I don't know if that will continue as there's a dearth of news coming from tech, except for that Jensen keynote. A lot more retail next week. But here's the bottom line. Unless we get news of new hostilities in the trade war with China, I think this market's propensity will still be to go higher, even though we are overbought.
And even with this late night credit rating downgrade of the U.S. debt, which is very quizzical to me, I think we're containing the downside of the economy. And that means no recession, which tells me the negativity may be out of sync with reality. That's often the best kind of market. And I'm going to talk more about that later in the show. Let's go to Rod in Florida. Rod. Hey, Jim, how you doing? I am doing well, Rod. How about you? Great. First time, long time.

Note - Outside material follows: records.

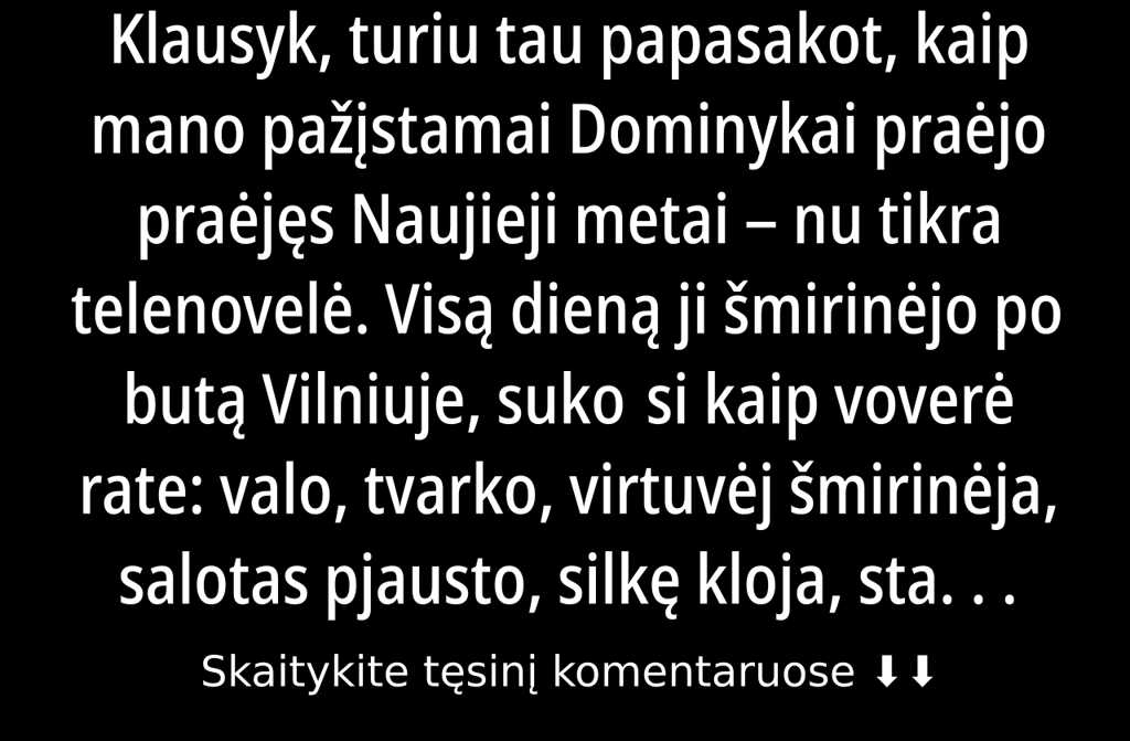 Visą dieną ji šmirinėjo po butą Vilniuje, sukosi kaip voverė rate: valo, tvarko, virtuvėj šmirinėja, salotas pjausto, silkę kloja, stalo servetėles dėlioja nu, viskas, kad tik šventei pasiruoštų. Pirmi jos Nauji be tėvų, su mylimu žmogu Mindaugu. Jau trečias mėnuo pas jį gyvena nuomojasi kartu Justiniškėse. Mindaugas vyresnis už ją penkiolika metų, buvo vedęs, vaikui moka alimentus, dar kartais mėgsta per šventes taurelę pakelt… Bet kai myli žmogų, visos tos smulkmenos, žinai, nublanksta. O dar aplinkiniai stebėjosi, kaip ji taip jį įsimylėjo nei gražuolis, nei koks iškalbus, veidą galėtum pagal žodyną ne pirmo grožio pavyzdžiu parodyti, charakterio kaip ožys, pinigus saugo kaip voverė riešutus, per daug neduoda, na, bet Dominykai tikra meilė.
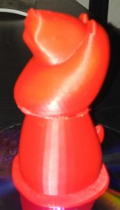 Superbe ! l’impression 3D débute sans problème. Par contre il est déjà 17h30, l’heure de partir, et l’imprimante indique une durée prévisionnelle d’impression de 3h50 ! La décision est prise de la laisser continuer son travail seule. Une séance bricolage étant prévue le lendemain matin, nous récupérerons le résultat de notre travail.
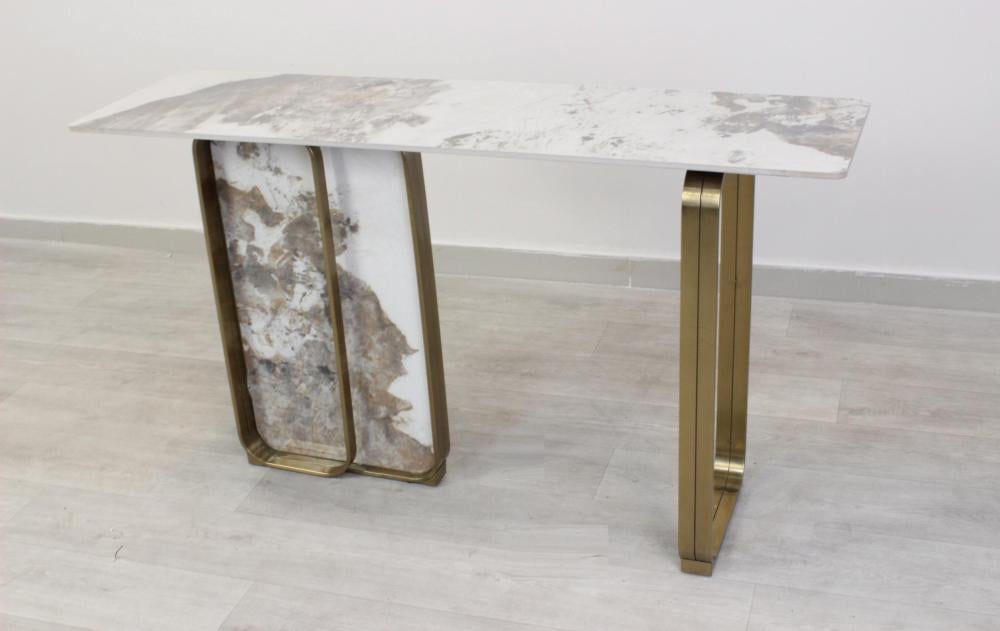 هذا الكونسول يتميز بتصميم عصري وفاخر، حيث يجمع بين سطح رخامي فخم مع أرجل حديدية قوية تضيف له لمسة من الأناقة والصلابة.

Excellent. For the stock I'm calling about, I've owned for 15 years. I took your sage advice like I always do and sold half of it when it doubled. I've got a 600% gain in it, but it's down 50% in the last six weeks and crushing my portfolio. What the heck do I do about my UnitedHealth?

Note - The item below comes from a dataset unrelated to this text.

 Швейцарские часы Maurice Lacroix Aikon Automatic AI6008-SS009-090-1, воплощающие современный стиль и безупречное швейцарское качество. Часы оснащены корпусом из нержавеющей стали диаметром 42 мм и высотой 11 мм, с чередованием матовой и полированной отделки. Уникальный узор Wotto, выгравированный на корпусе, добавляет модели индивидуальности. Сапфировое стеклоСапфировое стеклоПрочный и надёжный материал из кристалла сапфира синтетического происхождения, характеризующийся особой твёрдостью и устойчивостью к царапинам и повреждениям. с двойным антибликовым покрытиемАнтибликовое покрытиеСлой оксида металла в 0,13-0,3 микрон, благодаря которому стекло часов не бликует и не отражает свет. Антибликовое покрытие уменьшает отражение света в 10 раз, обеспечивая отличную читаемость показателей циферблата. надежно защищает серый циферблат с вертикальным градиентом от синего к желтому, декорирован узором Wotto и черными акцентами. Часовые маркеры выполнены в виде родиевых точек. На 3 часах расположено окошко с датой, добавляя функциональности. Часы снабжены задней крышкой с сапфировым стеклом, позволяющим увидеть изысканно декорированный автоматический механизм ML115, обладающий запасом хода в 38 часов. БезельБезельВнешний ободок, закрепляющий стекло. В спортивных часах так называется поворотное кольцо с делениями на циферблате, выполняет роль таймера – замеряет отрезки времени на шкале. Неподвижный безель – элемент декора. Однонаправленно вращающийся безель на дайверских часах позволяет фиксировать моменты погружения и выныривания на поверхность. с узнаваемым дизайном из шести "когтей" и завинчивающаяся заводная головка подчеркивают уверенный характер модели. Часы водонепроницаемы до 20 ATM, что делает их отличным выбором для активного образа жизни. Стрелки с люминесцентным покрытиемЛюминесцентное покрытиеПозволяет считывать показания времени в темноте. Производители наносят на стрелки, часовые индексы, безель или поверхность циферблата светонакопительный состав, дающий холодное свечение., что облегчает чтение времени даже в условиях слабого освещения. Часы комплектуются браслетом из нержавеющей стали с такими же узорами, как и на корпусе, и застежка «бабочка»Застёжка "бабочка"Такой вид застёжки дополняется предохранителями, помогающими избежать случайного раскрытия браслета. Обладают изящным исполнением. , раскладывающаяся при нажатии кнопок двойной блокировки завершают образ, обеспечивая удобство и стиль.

Okay, we got the first good news in UnitedHealth since all these problems have come about, and that there was a lot of insider buying today. So you have to ask yourself, why would they buy if they felt that they were going to have a big problem with the Justice Department? That made me feel like that maybe the heat's going to be off it for a little bit, but I
I am not happy with UnitedHealth, and I would sell, I would use strength to sell even more. Why? Because we got to find out about what Justice is going to do, and even the insider buyers may not know what they're going to do. Justice is what I call a wild card. Will in North Carolina. Will. Hey, Jim. Thanks for taking my call. Of course. As someone who just graduated college and who's looking to add something to my portfolio that's a little bit off the tech side, I
I was curious if you would reaffirm your buy rating of Visa from a few months ago. Absolutely. I think Visa is sensational. By the way, just so we know, I don't want to slight Michael me back. Visa and MasterCard are both great. MasterCard is actually growing a little bit faster, but they are both fabulous companies. We owned one for the Chapel Trust. It made us so much money. We got greedy. We fell. And then all it did was go up further.
They're both terrific stocks. Now look, unless we get some negative news on the tariff front, I think the market could continue to march higher next week. On Mayabuddy tonight, Ken Dutch Bros, long one of my favorites,
Stay caffeinated after this post-earnings rally. I'm pouring through the numbers with the coffee chain CEO. Then I'm seeing if long-term growth is still on the menu for a stock that you and I both know I like a lot, Kaba, despite the stock sliding in yesterday's report. Don't miss my take on the company's path ahead. And later, I'm digging into how the current economic landscape is shaping waste management company Republic Services. Good read on the economy there, too. So stay with Kramer. Kramer.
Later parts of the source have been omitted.